*** Opening Records supplied ***
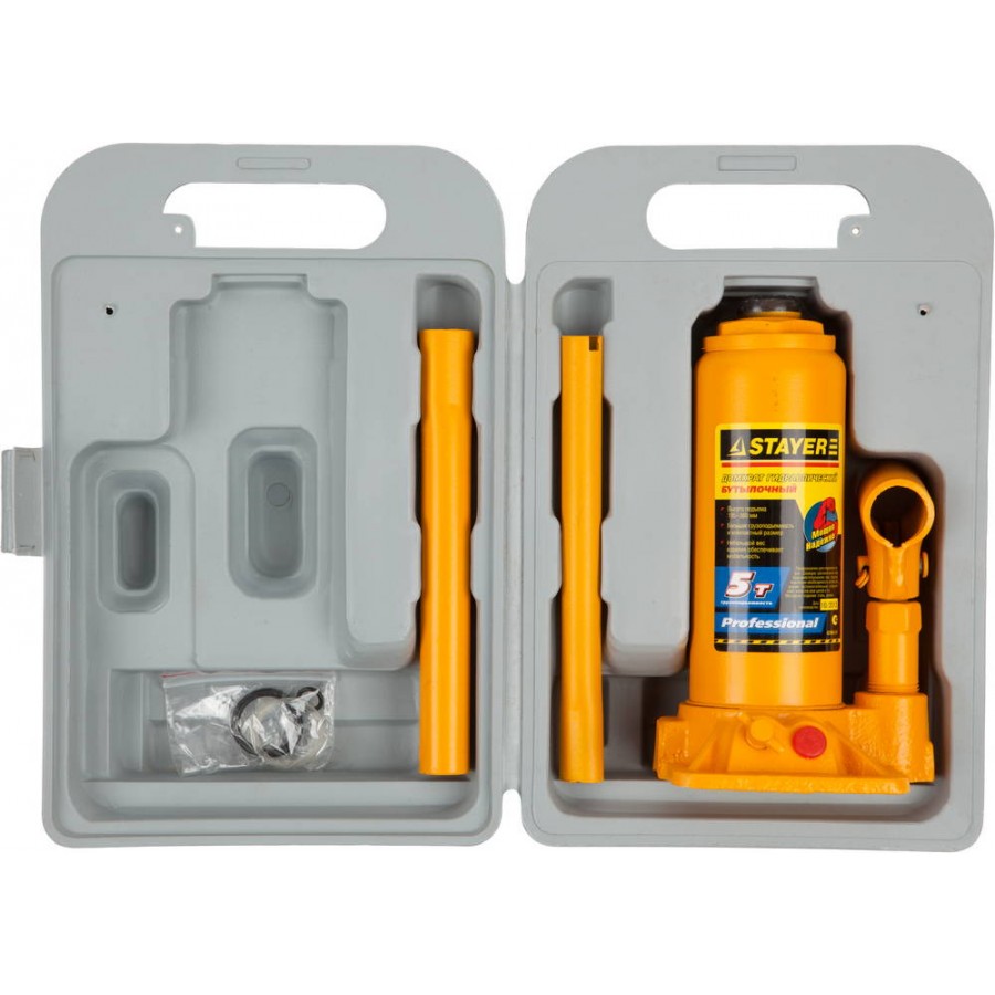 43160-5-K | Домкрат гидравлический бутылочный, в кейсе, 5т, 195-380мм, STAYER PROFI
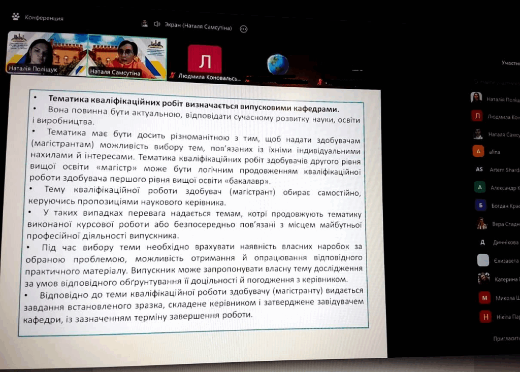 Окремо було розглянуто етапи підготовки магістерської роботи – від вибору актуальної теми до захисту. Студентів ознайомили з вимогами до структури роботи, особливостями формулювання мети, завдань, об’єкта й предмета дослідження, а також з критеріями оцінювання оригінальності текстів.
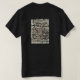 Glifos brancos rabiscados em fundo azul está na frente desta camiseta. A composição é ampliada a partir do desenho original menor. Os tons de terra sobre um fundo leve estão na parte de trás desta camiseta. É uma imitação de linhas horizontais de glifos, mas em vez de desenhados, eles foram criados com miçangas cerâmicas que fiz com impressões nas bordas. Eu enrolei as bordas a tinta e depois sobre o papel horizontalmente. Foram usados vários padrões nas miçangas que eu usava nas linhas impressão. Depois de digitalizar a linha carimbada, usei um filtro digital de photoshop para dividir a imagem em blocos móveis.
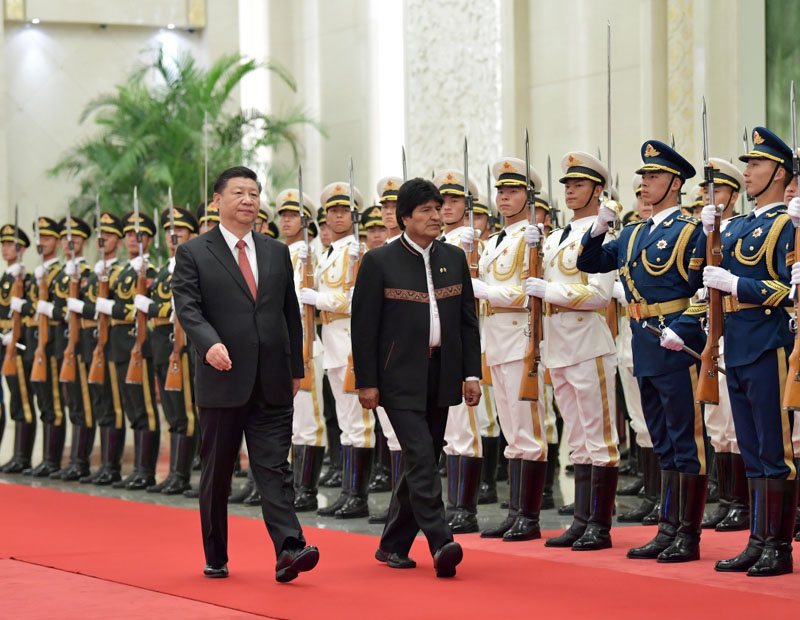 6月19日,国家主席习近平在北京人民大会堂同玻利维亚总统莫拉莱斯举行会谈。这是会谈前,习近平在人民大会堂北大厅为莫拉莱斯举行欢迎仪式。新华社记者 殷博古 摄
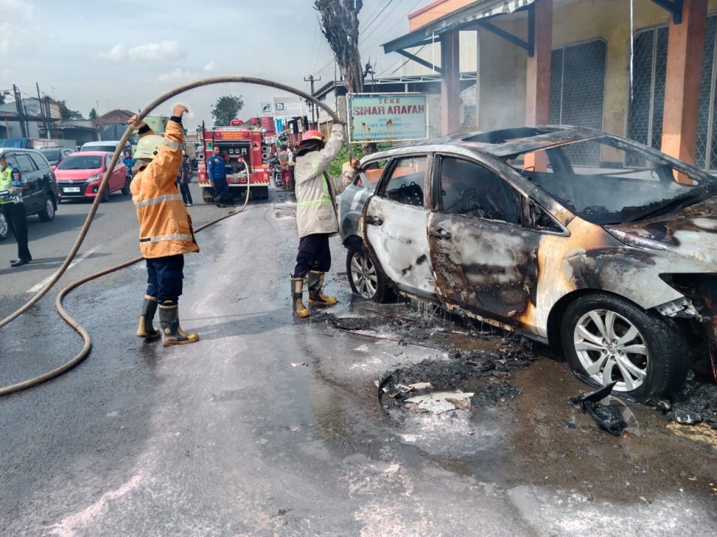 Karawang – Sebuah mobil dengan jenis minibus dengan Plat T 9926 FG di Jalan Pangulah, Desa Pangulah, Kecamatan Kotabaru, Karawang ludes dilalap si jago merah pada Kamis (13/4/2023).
*** Closing Records supplied ***
Once the pictures are set aside, output all of the data above verbatim.

▶ [Response to this task]:
 43160-5-K | Домкрат гидравлический бутылочный, в кейсе, 5т, 195-380мм, STAYER PROFI
 Окремо було розглянуто етапи підготовки магістерської роботи – від вибору актуальної теми до захисту. Студентів ознайомили з вимогами до структури роботи, особливостями формулювання мети, завдань, об’єкта й предмета дослідження, а також з критеріями оцінювання оригінальності текстів.
 Glifos brancos rabiscados em fundo azul está na frente desta camiseta. A composição é ampliada a partir do desenho original menor. Os tons de terra sobre um fundo leve estão na parte de trás desta camiseta. É uma imitação de linhas horizontais de glifos, mas em vez de desenhados, eles foram criados com miçangas cerâmicas que fiz com impressões nas bordas. Eu enrolei as bordas a tinta e depois sobre o papel horizontalmente. Foram usados vários padrões nas miçangas que eu usava nas linhas impressão. Depois de digitalizar a linha carimbada, usei um filtro digital de photoshop para dividir a imagem em blocos móveis.
 6月19日,国家主席习近平在北京人民大会堂同玻利维亚总统莫拉莱斯举行会谈。这是会谈前,习近平在人民大会堂北大厅为莫拉莱斯举行欢迎仪式。新华社记者 殷博古 摄
 Karawang – Sebuah mobil dengan jenis minibus dengan Plat T 9926 FG di Jalan Pangulah, Desa Pangulah, Kecamatan Kotabaru, Karawang ludes dilalap si jago merah pada Kamis (13/4/2023).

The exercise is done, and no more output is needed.